La Guemara répond : Le sang est différent, car il est juxtaposé dans la Torah à l’eau. Comme il est écrit au sujet du sang : « Tu ne le mangeras pas ; tu le répandras sur la terre comme de l’eau » (Deutéronome 12:24). On en déduit : De même qu’il est permis de tirer profit de l’eau, de même il est permis de tirer profit du sang.
וְאֵימָא, כַּמַּיִם הַמִּתְנַסְּכִים עַל גַּבֵּי הַמִּזְבֵּחַ! אָמַר רַבִּי אֲבָהוּ ״כַּמַּיִם״ — רוֹב מַיִם. מִידֵּי ״רוֹב מַיִם״ כְּתִיב?! אֶלָּא אָמַר רַב אָשֵׁי: כַּמַּיִם הַנִּשְׁפָּכִין, וְלֹא כַּמַּיִם הַנִּיסָּכִין.
La Guemara demande : Et dis plutôt que le sang doit être comme l’eau offerte en libation sur l’autel, qui est consacrée et dont il est interdit de tirer profit. Rabbi Abbahou a dit : La comparaison avec l’eau permise peut être déduite de ce que dit le verset : « Comme l’eau [kamayim] », c’est-à-dire, comme la plupart des eaux ; et il est permis de tirer profit de la plupart des types d’eau. La Guemara demande : Et est-il écrit : La plupart des eaux ? La Torah a écrit : « Comme l’eau », ce qui pourrait indiquer une comparaison avec n’importe quel type d’eau. Plutôt, Rav Achi a dit que le verset doit être compris ainsi : Comme de l’eau qui est versée, dont on peut tirer profit, et non comme de l’eau offerte en libation. L’eau offerte sur l’autel est décrite à l’aide du terme libation, et non à l’aide du terme versée, comme on le trouve dans le verset.

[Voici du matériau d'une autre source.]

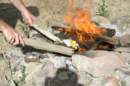 Using gas to cook eggs on "Chef Earl’s
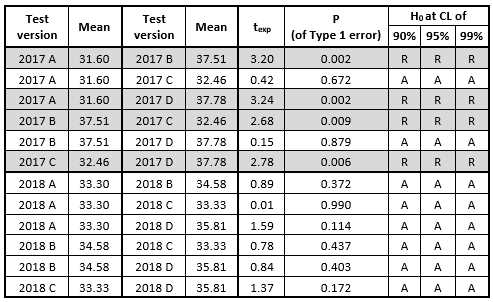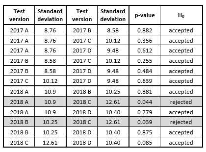 It can be seen that for most of the test versions the p-values exceeded the significance level α = 0.05, which means that the difference between the standard deviations of the pairs of tests is not big enough to be statistically significant and, consequently, the null hypothesis (H0) can be accepted. Only in two cases, when the test versions 2018 A and 2018 C, and the test versions 2018 B and 2018 C were compared, the difference between their standard deviations was statistically significant, but after applying the significance level α = 0.01, even in these cases the p-values exceeded the significance level. Thus, the final conclusion that can be made is that variances in all the test versions are the same which proves that all the test score samples were obtained from the same population. Consequently, this fact justifies the application of the Student’s t-test to examine whether the means of the test versions are statistically also the same.

וְאֵימָא: כַּמַּיִם הַנִּשְׁפָּכִין לִפְנֵי עֲבוֹדָה זָרָה! הָתָם נָמֵי נִיסּוּךְ אִיקְּרִי, דִּכְתִיב ״יִשְׁתּוּ יֵין נְסִיכָם״.
La Guemara demande : Et dis que le sang doit être comme de l’eau versée devant l’idolâtrie, dont on ne peut tirer aucun profit. La Guemara rejette cela : Là-bas, cela aussi est appelé une libation et non un simple versement, comme il est écrit : « Qui ont mangé la graisse de leurs sacrifices, et bu le vin de leurs libations » (Deutéronome 32:38).